A Python utility library for streamlined Large Language Model interactions with unified API and conversation management.

These details have not been verified by PyPI

Project links

Project description

hbllmutils

PyPI - Python Version PyPI - Implementation PyPI - Downloads

Loc Comments

GitHub commit activity

hbllmutils is a Python utility library designed to streamline interactions with Large Language Models (LLMs) by providing robust configuration management, a unified API for OpenAI-compatible endpoints, and intuitive conversation history handling.

Features

Flexible LLM Configuration: Easily manage multiple LLM API endpoints and models through a simple YAML configuration file (.llmconfig.yaml), supporting default and fallback settings.
OpenAI-Compatible API: Interact with various LLM providers that adhere to the OpenAI API specification, offering both synchronous and asynchronous request methods.
Streaming Responses: Efficiently handle streaming responses from LLMs, including optional extraction of reasoning content.
Conversation History Management: Build and maintain complex conversation histories with support for different roles (system, user, assistant) and multimodal content (text, images).
Extensible Design: Built with extensibility in mind, allowing for easy integration of new models or custom behaviors.

Installation

You can simply install it with the pip command line from the official PyPI site.

pip install hbllmutils

For more information about installation, you can refer to the Installation Guide.

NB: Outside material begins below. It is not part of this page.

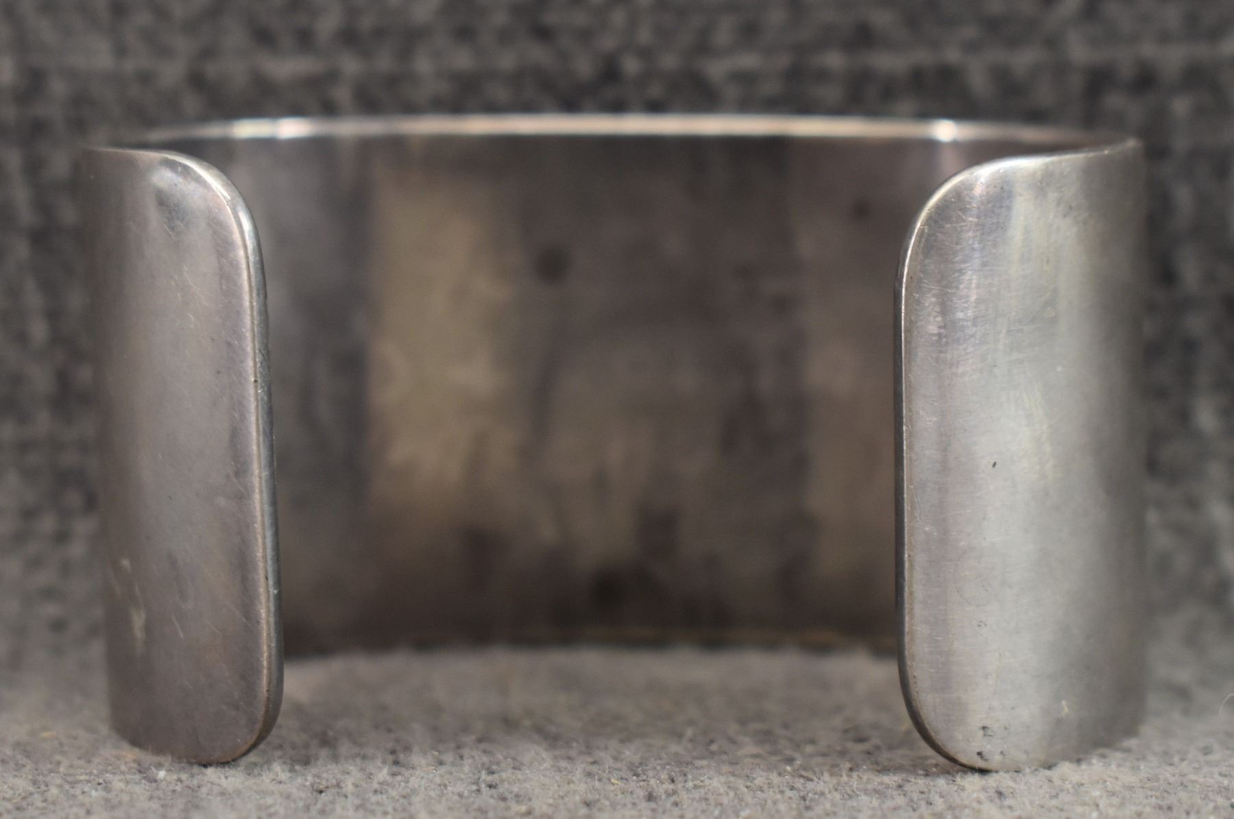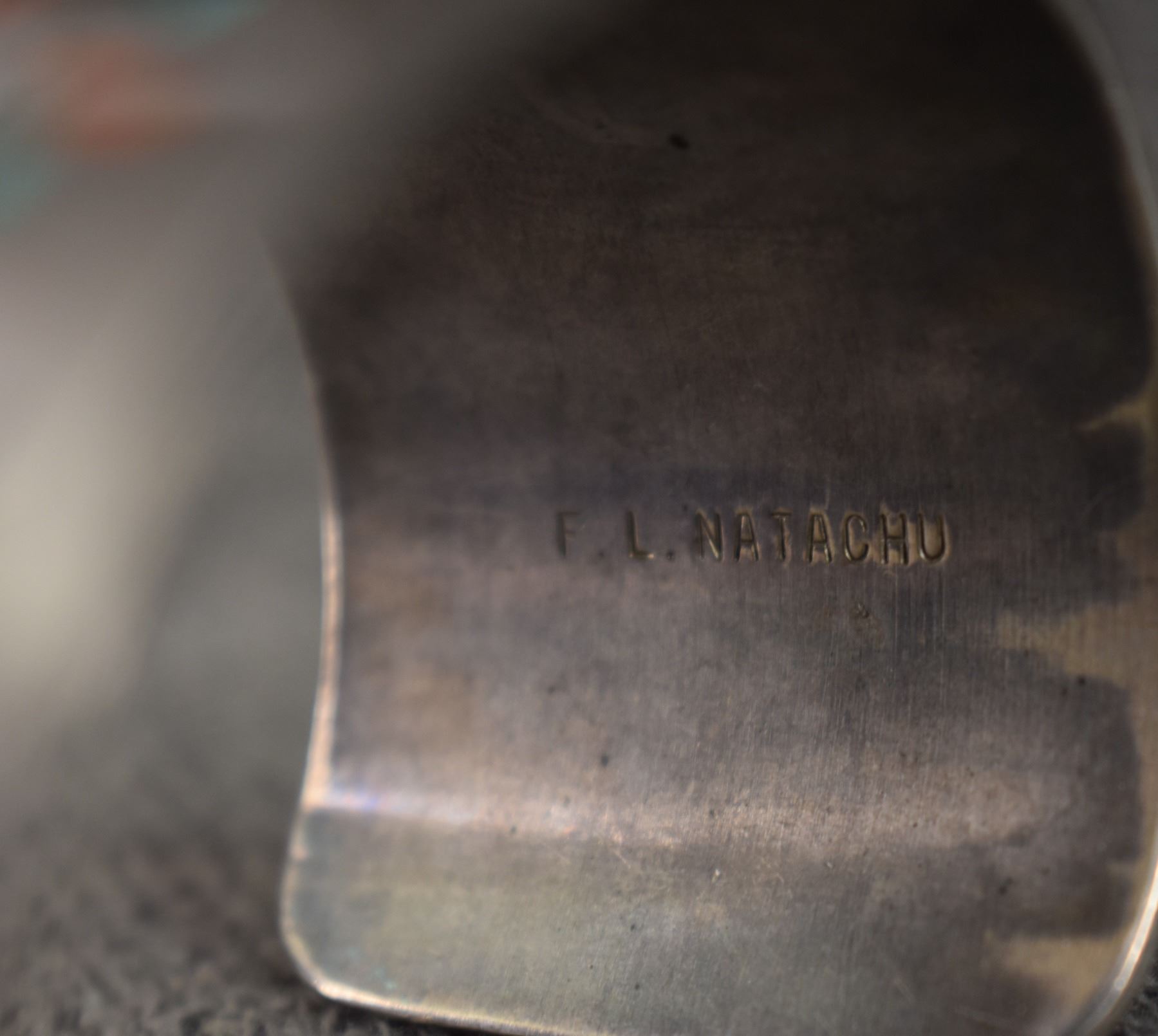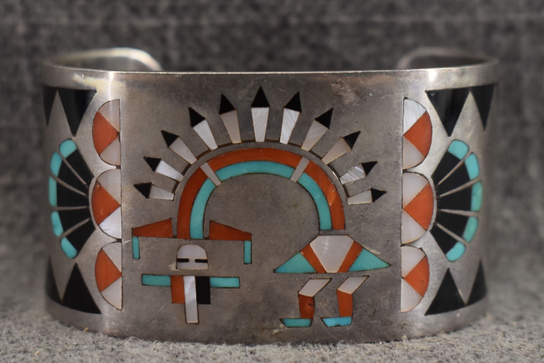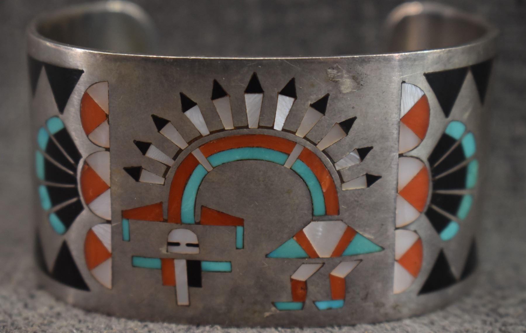 1960's Zuni. Sterling silver turquoise coral and shell 1.5'' x 5.5'' x 1.5''. Total weight 79 grams

Configuration: `.llmconfig.yaml`

The library uses a .llmconfig.yaml file to manage your LLM API credentials and model configurations. This file can be placed in your project's root directory or specified explicitly. Below is an example configuration demonstrating how to set up multiple API providers and define models, including default and fallback options.

deepseek: &deepseek
  base_url: https://api.deepseek.com/v1
  api_token: sk-457***af74

aihubmix: &aihubmix
  base_url: https://aihubmix.com/v1
  api_token: sk-6B9***F0Ad

aigcbest: &aigcbest
  base_url: https://api2.aigcbest.top/v1
  api_token: sk-tbK***49kA

openroute: &openroute
  base_url: https://openrouter.ai/api/v1
  api_token: sk-or-v1-9bf***a3d4

models:
  __default__:
    <<: *deepseek
    model_name: deepseek-chat

  deepseek-R1:
    <<: *deepseek
    model_name: deepseek-reasoner

  deepseek-V3:
    <<: *deepseek
    model_name: deepseek-chat

  __fallback__:
    <<: *aihubmix

Explanation of the configuration:

Anchors (& and *): YAML anchors are used to define reusable blocks. For example, &deepseek defines a block named deepseek which can be referenced later using *deepseek.
models section: This is the core of your model definitions.
- __default__: Specifies the default model to use if no model_name is explicitly provided to load_llm_model.
- deepseek-R1, deepseek-V3: Specific model configurations that inherit properties from the defined anchors and can override them (e.g., model_name).
- __fallback__: Defines a fallback API endpoint. If a requested model_name is not found in the models section, the __fallback__ configuration will be used, with the requested model_name automatically assigned.

Quick Start Example

This example demonstrates how to load a model using the configuration file and interact with it using streaming responses and conversation history.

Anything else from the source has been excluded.